Some of the above are just for fun, but most are in my mind likely.

Couriers, delivery drivers, lawyers, limo sedan drivers, travelling salesmen, Ride share organizations. These are some of the many jobs in our society that require the owner to pay out the cash for the cost of gasoline and maintenance on their cars and trucks. These are also some of the jobs that will benefit greatly from the advent of clean electric vehicles with free energy fillups via a huge network of charguing options. The money that used to go to the top of the food chain, to fill up and burn toxic substances only to belch and fart it into our lungs!!, now stays in the community level, and buys fridges, cars, furniture and food and insurance etc etc.

I can imagine that the cost for a limo sedan ride from one city to another in a Model 3 or S to drop like a rock without the cost of fuel that now makes the operating cost so high! The pizza driver or independent cabbie can start putting up to a thousand bucks a month more into his kids college fund or RRSP. And thats just off the top of my head.

The stats show that people drive hybrids about 2000 miles more a year, or more like 50 miles a day average, over those that drive a gas only vehicle. That suggests that people will drive more when the cost of fuel goes down. When it is free to drive cross country, I suggest that a new boom of inner-continental tourism will begin, as millions of Tesla owners, take to the open road to explore. Free supercharging will free so many people up to be more mobile, as financial restrictions to travel vapourize.

I can't begin to imagine the new business models that will spring up to take advantage of this unprecedented opportunity.

The fear that the economy will fall apart with the switch to a electric is irrational and plain baseless.

The battery and solar industries have already been growing at huge paces, and that means mfg jobs.

Mom and pop can certainly take the slack up from there with transport services, Sun-fed, battery-stored Tesla Highway and neighbourhood Stops, themed and plain.

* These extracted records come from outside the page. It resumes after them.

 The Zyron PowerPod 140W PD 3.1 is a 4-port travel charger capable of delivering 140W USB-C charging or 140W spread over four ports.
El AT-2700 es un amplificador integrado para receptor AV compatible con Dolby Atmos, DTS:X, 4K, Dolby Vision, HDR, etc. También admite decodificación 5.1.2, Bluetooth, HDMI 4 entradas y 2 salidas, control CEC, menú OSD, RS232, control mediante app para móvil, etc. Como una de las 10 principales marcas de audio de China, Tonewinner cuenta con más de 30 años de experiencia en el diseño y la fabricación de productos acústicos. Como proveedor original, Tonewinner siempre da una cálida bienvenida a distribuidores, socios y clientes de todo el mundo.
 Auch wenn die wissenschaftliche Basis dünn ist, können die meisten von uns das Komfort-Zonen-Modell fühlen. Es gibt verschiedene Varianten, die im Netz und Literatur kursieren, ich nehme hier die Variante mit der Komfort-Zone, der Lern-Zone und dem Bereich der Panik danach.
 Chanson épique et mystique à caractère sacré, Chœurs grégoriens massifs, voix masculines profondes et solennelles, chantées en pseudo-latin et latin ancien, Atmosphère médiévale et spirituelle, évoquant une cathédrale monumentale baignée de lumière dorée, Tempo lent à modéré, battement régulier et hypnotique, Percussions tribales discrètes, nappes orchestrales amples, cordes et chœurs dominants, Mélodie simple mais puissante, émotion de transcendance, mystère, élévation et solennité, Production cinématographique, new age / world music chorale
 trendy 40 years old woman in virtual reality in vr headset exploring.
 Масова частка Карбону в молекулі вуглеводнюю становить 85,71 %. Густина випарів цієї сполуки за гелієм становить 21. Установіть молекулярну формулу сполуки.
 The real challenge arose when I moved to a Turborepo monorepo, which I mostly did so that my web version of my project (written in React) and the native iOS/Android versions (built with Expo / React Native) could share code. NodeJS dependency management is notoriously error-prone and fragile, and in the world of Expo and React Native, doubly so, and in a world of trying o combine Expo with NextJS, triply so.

20 years from now, on site chargers will be as common as a bathroom or running water.

vgarbutt | 04. elokuu 2014

oops, i meant 50 miles a day average for hybrid owners, vs 40 a day for gas guzzlers. and its only an estimate, ( i have a job)

TimC | 05. elokuu 2014

The Bjorn Nyland videos show an example of a new small scale economy made possible by Model S and superchargers. It's pretty interesting that he is able to earn some income delivering cargo around Norway.

Brian H | 06. elokuu 2014

I think the income is a secondary excuse to do the drives; he's employed in software by the telco, IIRC.

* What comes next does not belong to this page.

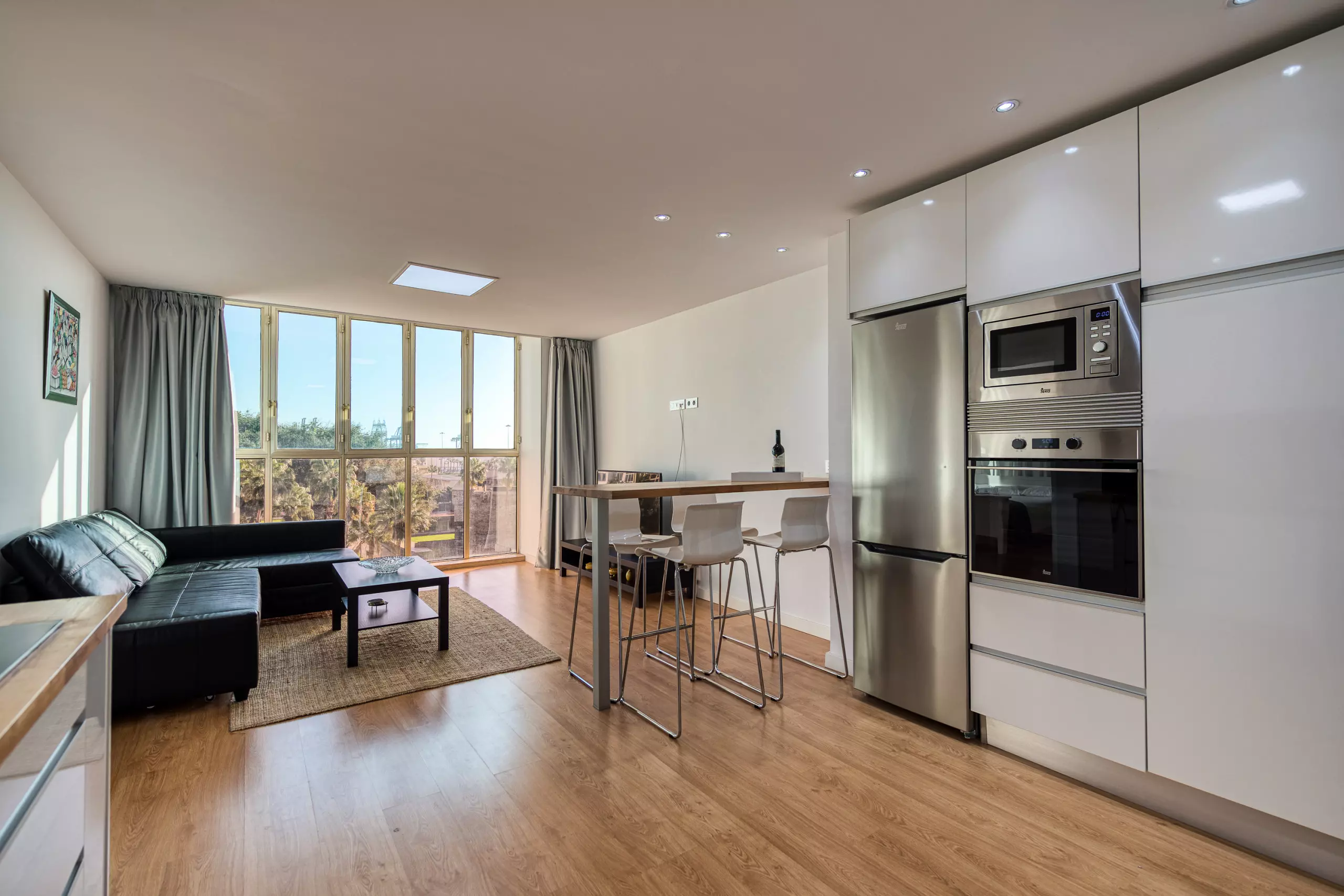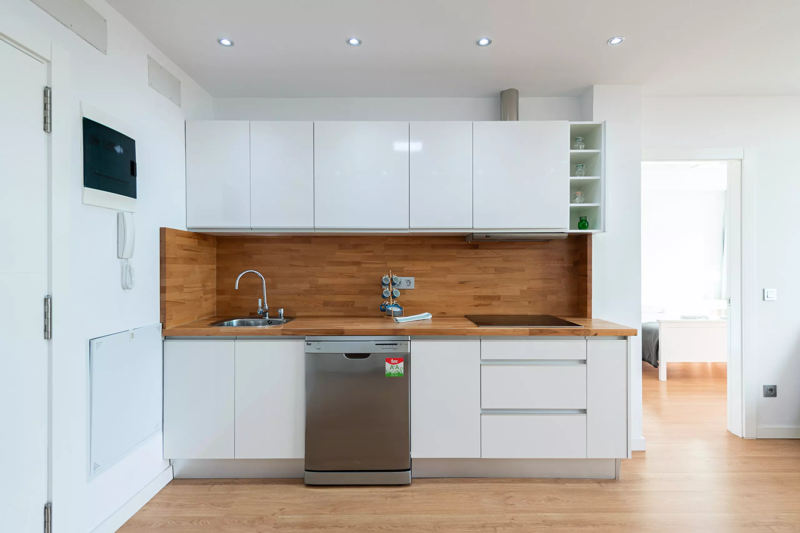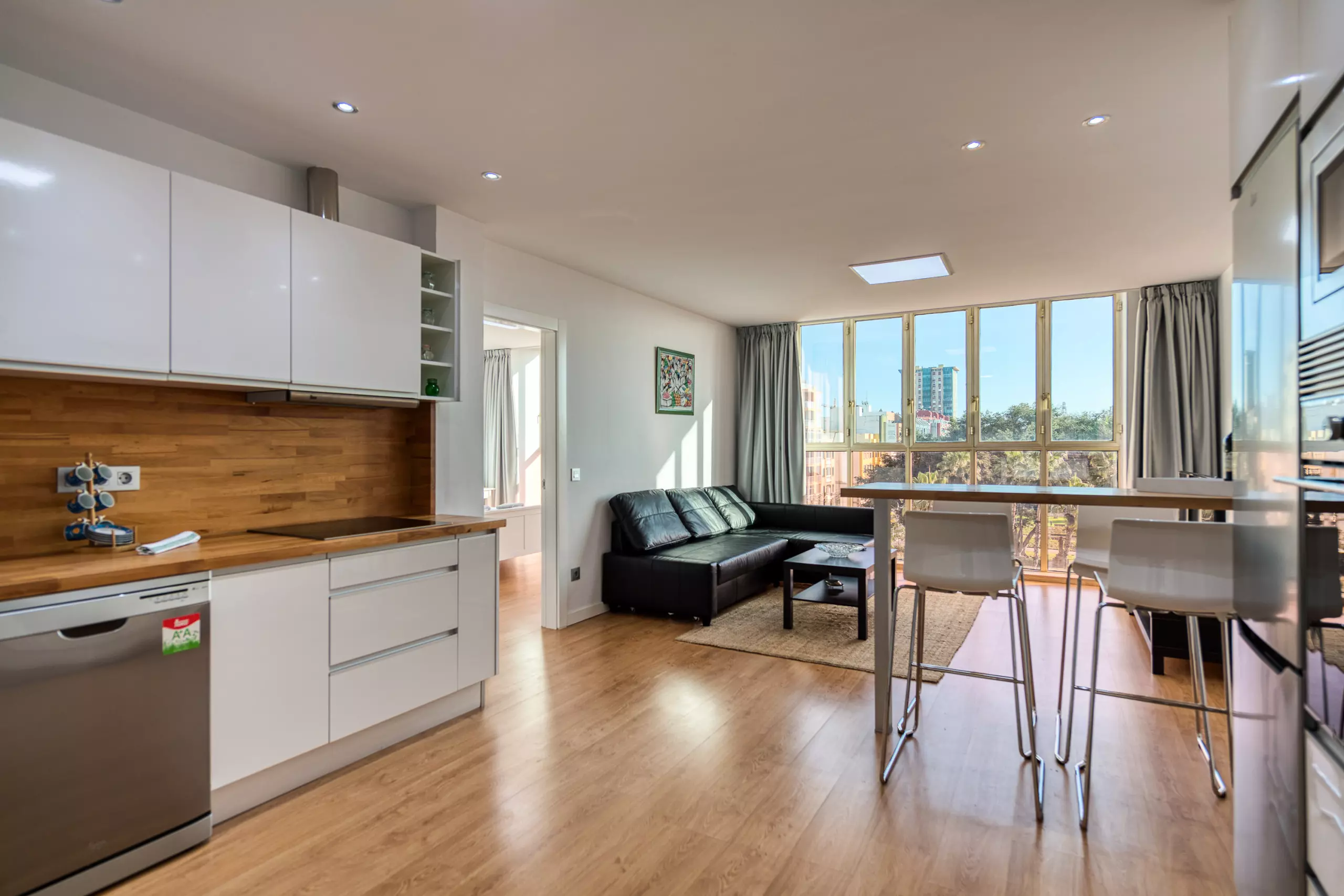 Kitchenette avec plaque vitrocéramique, réfrigérateur, micro-ondes, four, congélateur, lave-linge, sèche-linge, lave-vaisselle, vaisselle, couverts, ustensiles de cuisine, cafetière, grille-pain, bouilloire et presse-agrumes. Il dispose également d'un ascenseur, d'un fer à repasser, d'une connexion Wi-Fi, d'une télévision et de la climatisation.

Anemometer | 06. elokuu 2014

"Transportation costs plummet as more free fast chargers explode all around"

You might want to rewrite this one considering the interest in battery fires !

I'm not sure cost is the main restriction to driving. For me it's time. A lot of my jobs in the last 5 years I've been able to commute by train. Makes a big difference having an extra hour or two a day to do what you want, whether that's snooze in a pair of closed back headphones, delete all your spam or argue with people on internet forums ;-)

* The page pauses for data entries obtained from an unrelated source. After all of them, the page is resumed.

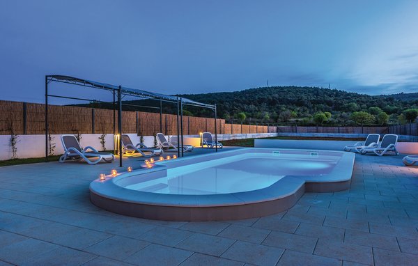 This luxurious holiday home with pool is located in Dubrava, near ibenik. Surrounded by nature and set on a large plot, this house is ideal for a carefree and relaxing holiday with family or friends. Two floors with internal staircase. There is also a barbecue on the terrace with the pool. You will certainly find entertainment in ibenik at various events and when you visit, for example, the Cathedral of St Jakov (UNESCO World Heritage Site) and the renovated fortress with spectacular views. The Solaris Beach Resort is about 4 kilometres away. Here you will find a fabulous range of sports and leisure activities as well as fantastic beaches on a large area. Day trips to the Krka and Kornati national parks are also recommended.
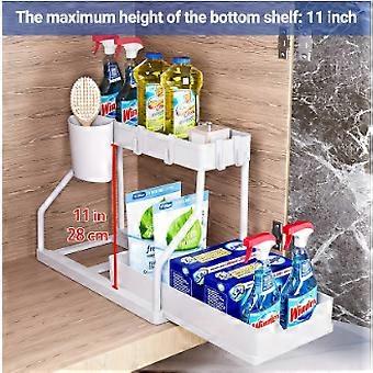 Space Saving 2 Tier Pull Out Storage Box Durable Large Capacity Kitchen Bathroom Essential Drawer Organizer
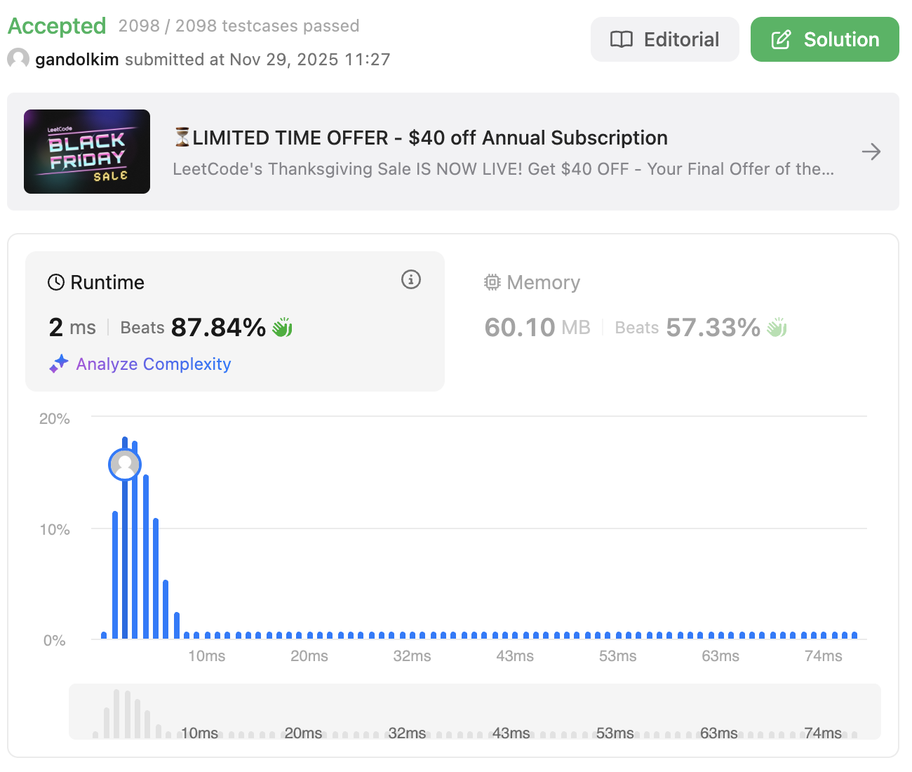 두 배열이 이미 정렬된 상태이기 때문에 앞에서부터 두 배열의 원소들을 비교해나가면서 중앙값 까지만 계산하면 된다. 따라서 시간복잡도 O(log(nums1.length + nums2.length)) 에 끝낼 수 있다.
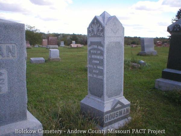 Josua Hausman were married in 1860. She died on December 30, 1897, at age 61. She was buried in Bolckow Cemetery, Bolckow, Missouri.
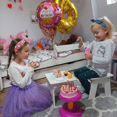 šķīvji, karotes, tējkanna ar vāku, kūka, svece, cepumi un citi kūku piederumi. Iedomājieties visas radošās rotaļas, kas varētu notikt tieši jūsu bērna istabā! Tējas komplekts atdzīvina dažādus scenārijus, piemēram, rotaļu māju, kafejnīcu, restorānu un pat pikniku!
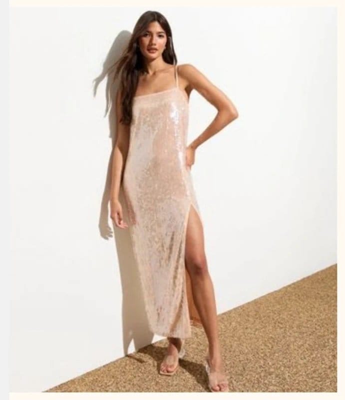 This stunning New Look midi dress is fully lined and embellished with sequins. Perfect for beach clubs, holiday evenings, and summer parties.

vgarbutt | 06. elokuu 2014

Ya Im talking about where the service is a transport based one. So limos, couriers, delivery companies, salesman etc. the list is big.

The really best part is that the flow of our hard earned money from our pocket to the mega oil corporations, is stopped and stays in the community at "street level", with the 99%.

If all cars were electrified today, that would annually be (134.51 billion gallons X $3.00 a gallon or at least 4 billion dollars a year savings. Now THAT'S community development.

So really, free charging is really a community development project, worth 4 billion a year!! (potentially)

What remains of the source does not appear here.